Return each line exactly, from the one that has "Sestava nábytku v" through the end of the entries, both ends included. Pictures do not belong.

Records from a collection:
——————————
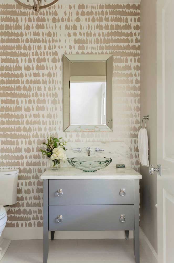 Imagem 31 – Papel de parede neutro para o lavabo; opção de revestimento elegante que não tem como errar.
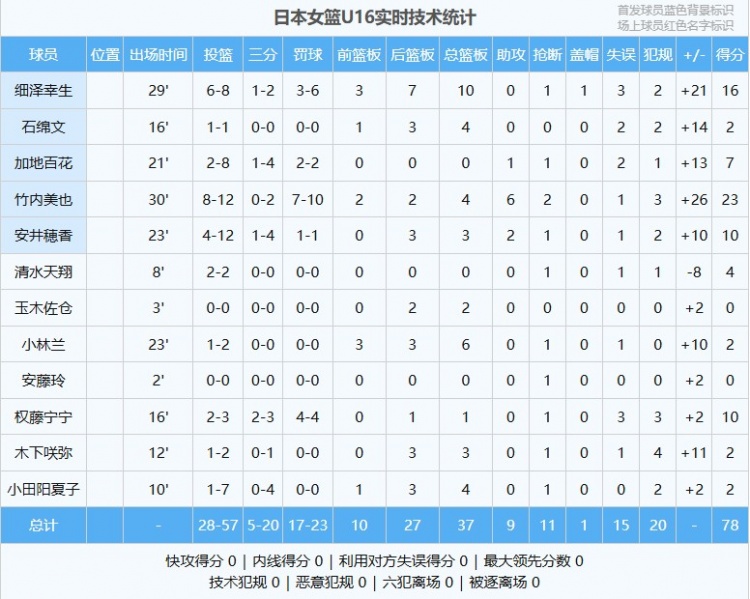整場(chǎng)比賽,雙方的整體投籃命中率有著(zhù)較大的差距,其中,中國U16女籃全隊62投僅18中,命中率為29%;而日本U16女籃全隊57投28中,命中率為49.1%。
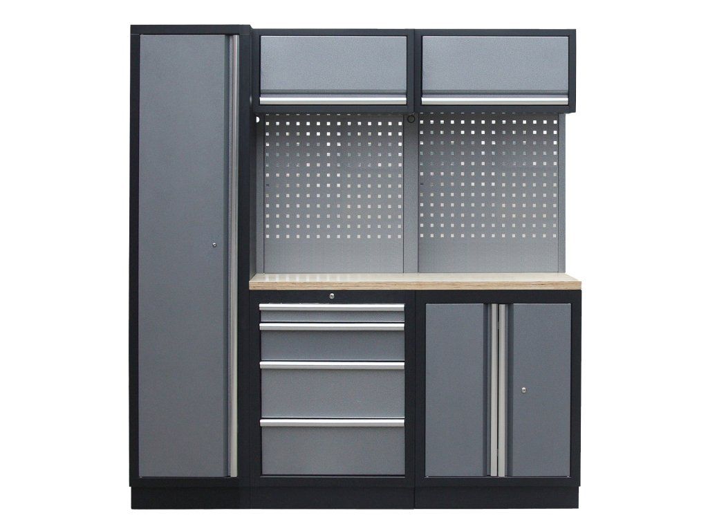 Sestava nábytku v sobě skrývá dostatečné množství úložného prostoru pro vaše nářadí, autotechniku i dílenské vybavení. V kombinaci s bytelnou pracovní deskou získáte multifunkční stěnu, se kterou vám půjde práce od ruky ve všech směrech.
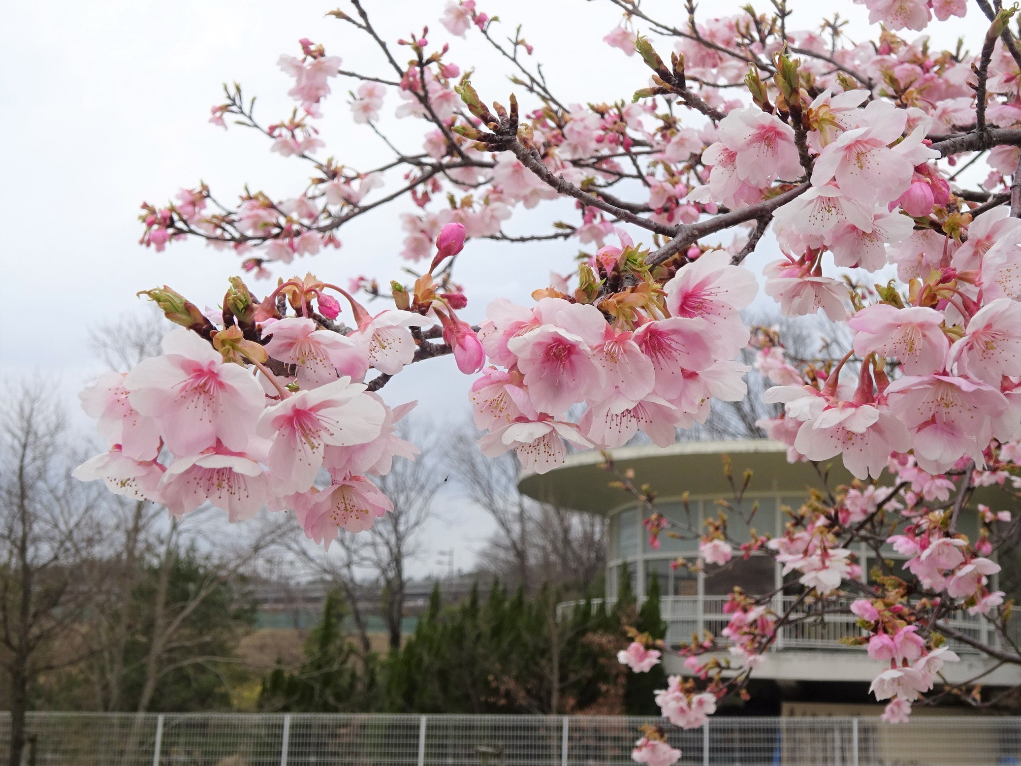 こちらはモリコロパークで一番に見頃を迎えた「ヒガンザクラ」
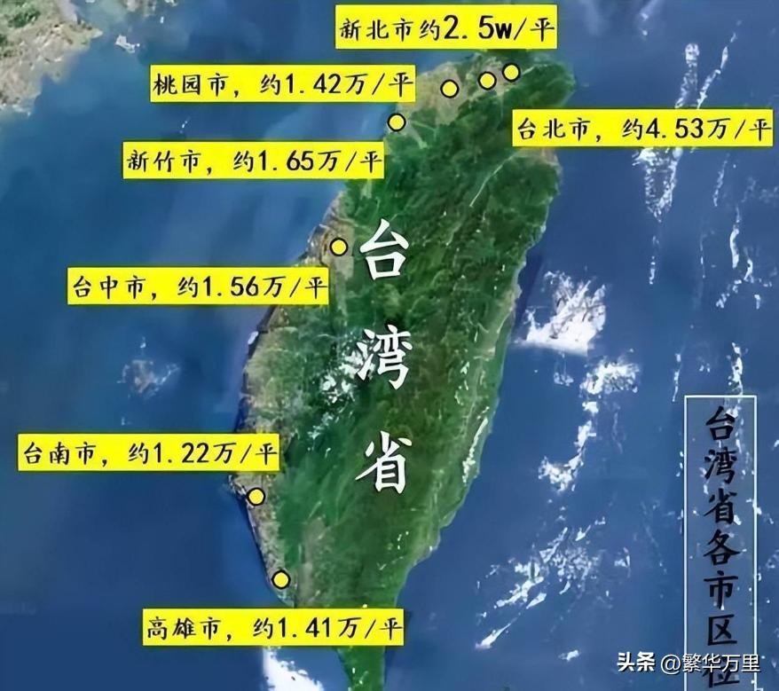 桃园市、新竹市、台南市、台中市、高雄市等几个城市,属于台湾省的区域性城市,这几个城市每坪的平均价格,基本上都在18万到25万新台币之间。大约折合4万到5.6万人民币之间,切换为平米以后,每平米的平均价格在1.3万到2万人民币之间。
——————————
Response below:
 Sestava nábytku v sobě skrývá dostatečné množství úložného prostoru pro vaše nářadí, autotechniku i dílenské vybavení. V kombinaci s bytelnou pracovní deskou získáte multifunkční stěnu, se kterou vám půjde práce od ruky ve všech směrech.
 こちらはモリコロパークで一番に見頃を迎えた「ヒガンザクラ」
 桃园市、新竹市、台南市、台中市、高雄市等几个城市,属于台湾省的区域性城市,这几个城市每坪的平均价格,基本上都在18万到25万新台币之间。大约折合4万到5.6万人民币之间,切换为平米以后,每平米的平均价格在1.3万到2万人民币之间。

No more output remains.